**Provided data:**
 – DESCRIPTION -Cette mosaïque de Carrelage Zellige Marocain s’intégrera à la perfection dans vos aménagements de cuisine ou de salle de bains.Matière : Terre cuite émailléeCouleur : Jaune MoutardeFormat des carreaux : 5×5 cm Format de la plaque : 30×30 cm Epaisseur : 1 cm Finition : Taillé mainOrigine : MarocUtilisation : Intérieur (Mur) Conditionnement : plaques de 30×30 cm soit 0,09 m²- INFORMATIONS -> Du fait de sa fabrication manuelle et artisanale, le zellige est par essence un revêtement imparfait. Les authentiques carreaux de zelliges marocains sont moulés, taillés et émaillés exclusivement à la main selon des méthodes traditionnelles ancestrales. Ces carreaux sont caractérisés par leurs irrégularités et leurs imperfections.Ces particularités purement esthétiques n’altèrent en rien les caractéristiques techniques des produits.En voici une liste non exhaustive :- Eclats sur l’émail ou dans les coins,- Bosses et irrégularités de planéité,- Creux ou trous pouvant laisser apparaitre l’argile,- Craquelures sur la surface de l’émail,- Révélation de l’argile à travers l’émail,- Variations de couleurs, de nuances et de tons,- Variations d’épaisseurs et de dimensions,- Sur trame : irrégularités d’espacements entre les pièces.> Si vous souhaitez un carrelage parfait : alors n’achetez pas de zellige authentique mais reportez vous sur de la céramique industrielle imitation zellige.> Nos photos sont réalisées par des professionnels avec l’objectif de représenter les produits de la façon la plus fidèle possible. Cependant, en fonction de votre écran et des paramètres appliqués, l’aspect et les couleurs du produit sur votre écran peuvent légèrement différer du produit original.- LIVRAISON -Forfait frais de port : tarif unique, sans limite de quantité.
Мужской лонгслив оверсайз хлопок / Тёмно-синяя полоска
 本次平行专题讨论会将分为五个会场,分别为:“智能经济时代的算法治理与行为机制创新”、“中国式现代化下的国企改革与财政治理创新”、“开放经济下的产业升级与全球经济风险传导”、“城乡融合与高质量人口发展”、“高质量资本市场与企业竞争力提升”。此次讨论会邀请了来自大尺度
* * *
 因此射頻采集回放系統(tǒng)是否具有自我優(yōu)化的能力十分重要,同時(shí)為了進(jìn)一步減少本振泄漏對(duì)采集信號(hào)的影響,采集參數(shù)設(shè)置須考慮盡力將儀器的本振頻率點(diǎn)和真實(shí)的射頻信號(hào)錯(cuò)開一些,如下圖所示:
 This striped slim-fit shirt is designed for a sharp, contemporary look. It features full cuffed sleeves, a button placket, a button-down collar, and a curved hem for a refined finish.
==
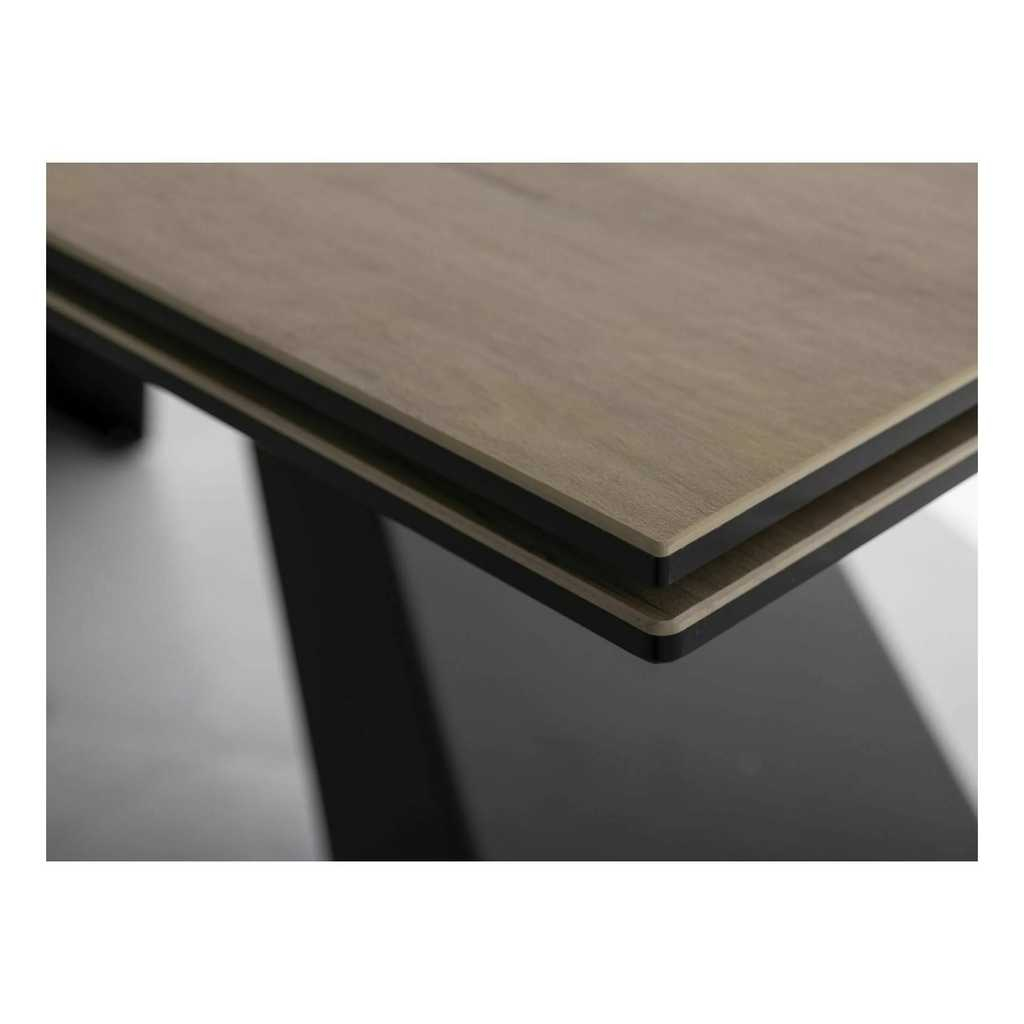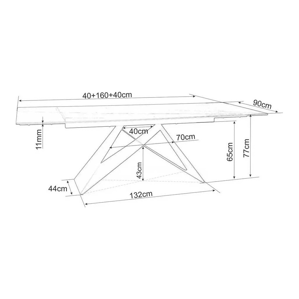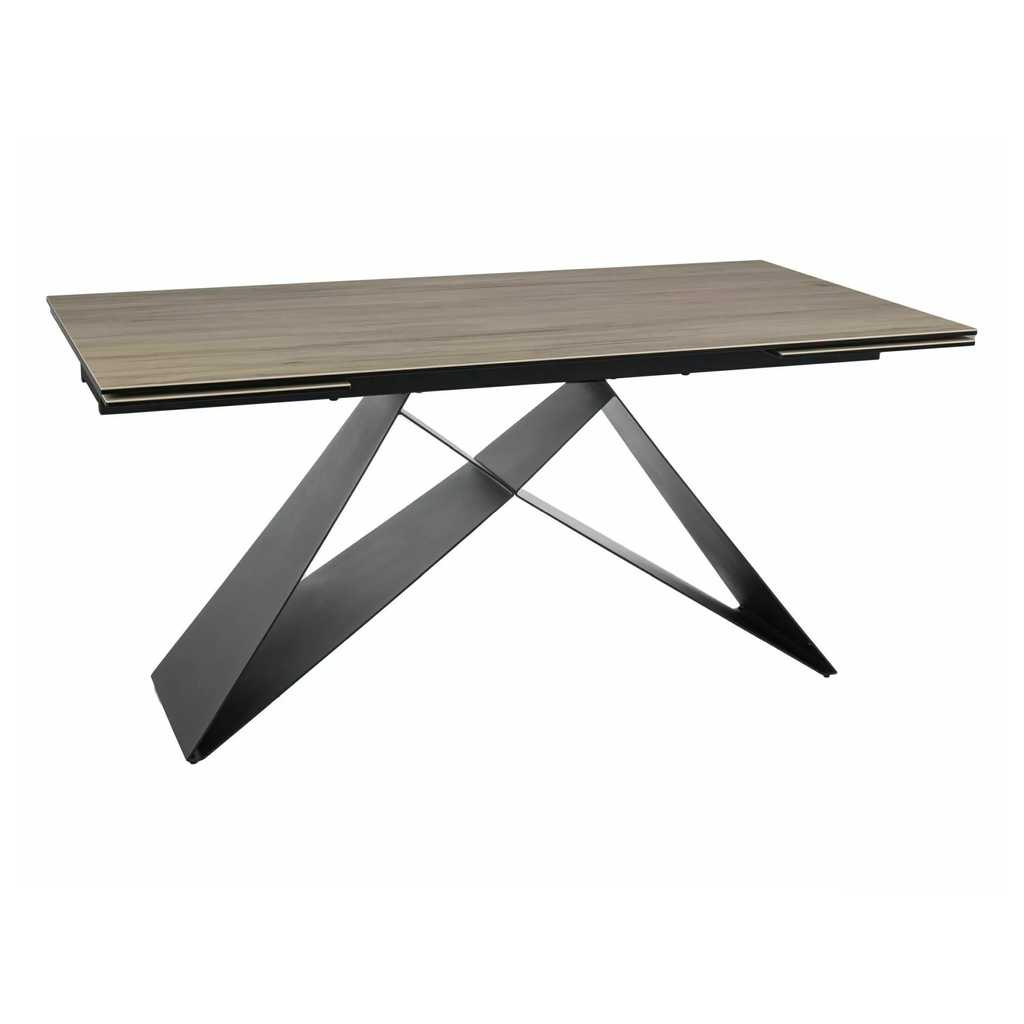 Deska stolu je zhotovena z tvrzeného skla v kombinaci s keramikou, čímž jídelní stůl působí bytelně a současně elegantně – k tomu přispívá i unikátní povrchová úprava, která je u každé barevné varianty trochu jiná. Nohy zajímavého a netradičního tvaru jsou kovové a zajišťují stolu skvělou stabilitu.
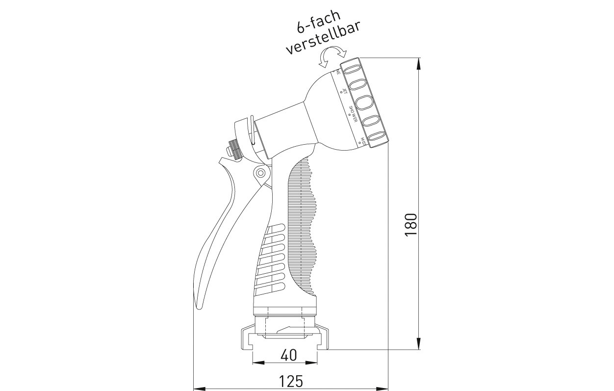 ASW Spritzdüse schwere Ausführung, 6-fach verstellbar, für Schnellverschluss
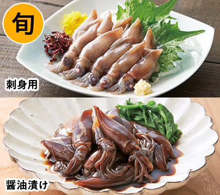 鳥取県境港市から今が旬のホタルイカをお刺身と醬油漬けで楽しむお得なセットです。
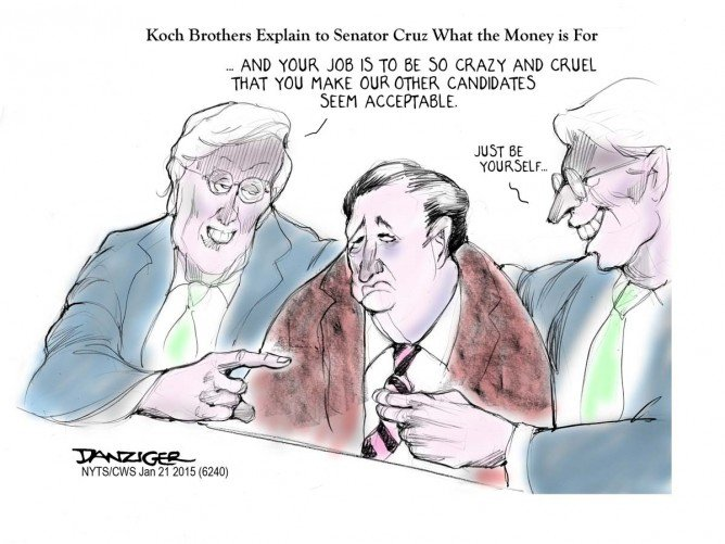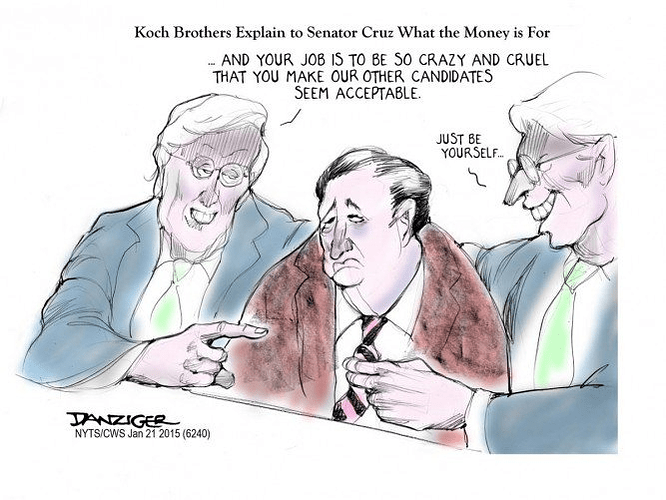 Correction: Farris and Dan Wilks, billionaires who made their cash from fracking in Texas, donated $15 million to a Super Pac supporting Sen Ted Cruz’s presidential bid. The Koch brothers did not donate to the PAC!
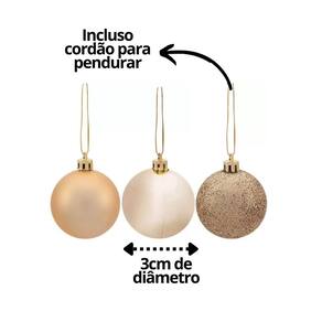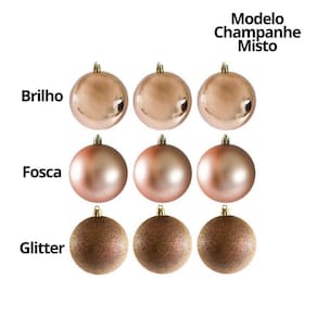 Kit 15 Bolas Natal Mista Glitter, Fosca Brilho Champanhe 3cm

**Activity:** Only one stretch of the data is wanted: write out exactly the lines from the one holding "鳥取県境港市から今が旬のホタルイカをお刺身と醬油漬けで楽しむお得なセットです。" through the one holding "Kit 15 Bolas", both included, without the pictures.

**Finished task:**
 鳥取県境港市から今が旬のホタルイカをお刺身と醬油漬けで楽しむお得なセットです。
 Correction: Farris and Dan Wilks, billionaires who made their cash from fracking in Texas, donated $15 million to a Super Pac supporting Sen Ted Cruz’s presidential bid. The Koch brothers did not donate to the PAC!
 Kit 15 Bolas Natal Mista Glitter, Fosca Brilho Champanhe 3cm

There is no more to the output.